A second stream of work, in partnership with Martin Wattenberg, centers on collective intelligence and the public use of data visualization.

Her work with visualizations such as History Flow and Chromogram led to some of the earliest publications on the dynamics of Wikipedia, including the first scientific study of the repair of vandalism.
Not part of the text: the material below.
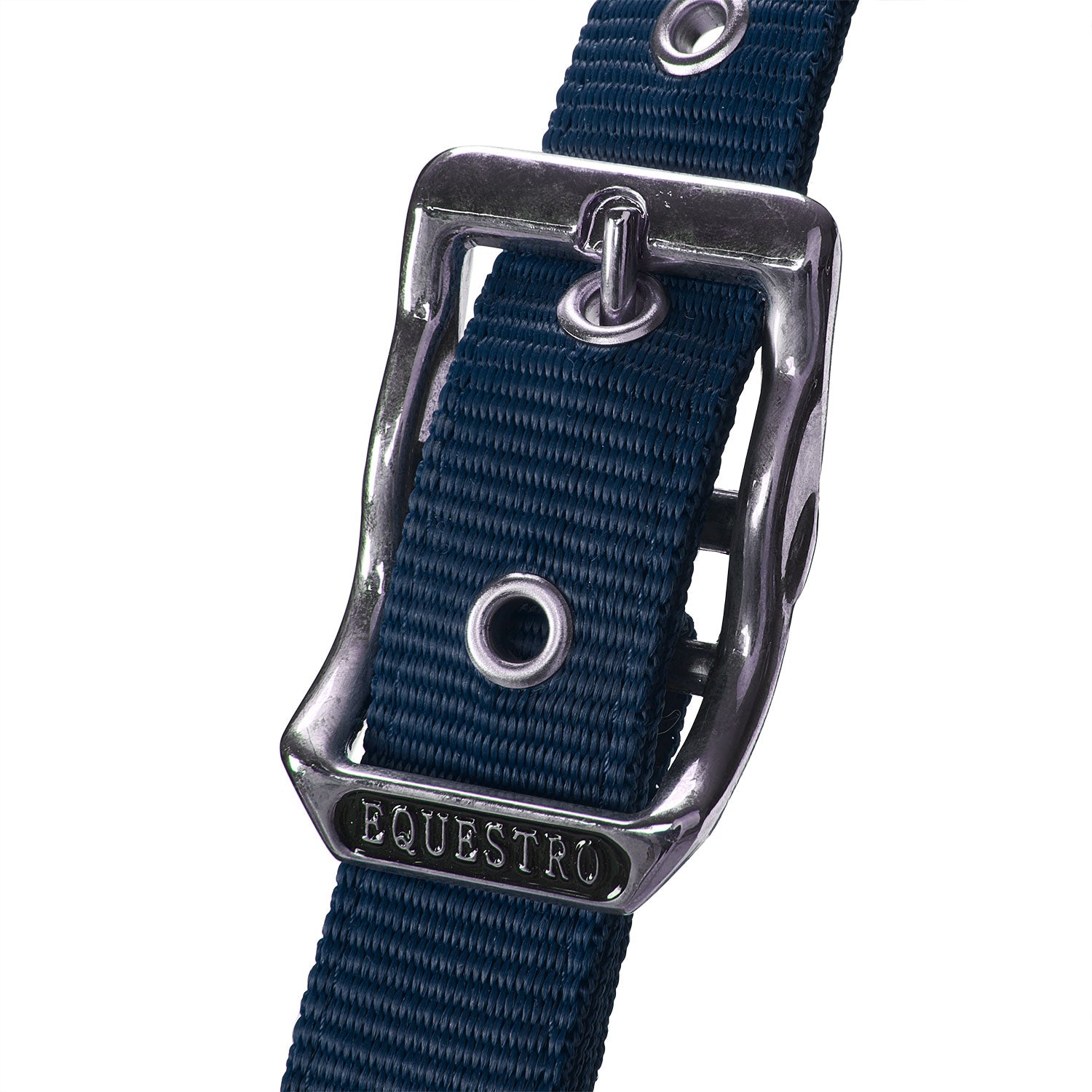 Dotata di fibbie satinate ultra resistenti decorate con logo Equestro in rilievo e chiusura con gancio a moschettone con regolazione in entrambi in lati.

Viégas is one of the founders of IBM's experimental Many Eyes website, created in 2007, which seeks to make visualization technology accessible to the public. In addition to broad uptake from individuals, the technology from Many Eyes has been used by nonprofits and news outlets such as the New York Times Visualization Lab.

=== Art ===
Viégas is also known for her artistic work, which explores the medium of visualization for explorations of emotionally charged digital data. An early example is Artifacts of the Presence Era, an interactive installation at the Boston Center for the Arts in 2003, which featured a video-based timeline of visitor interactions with the museum.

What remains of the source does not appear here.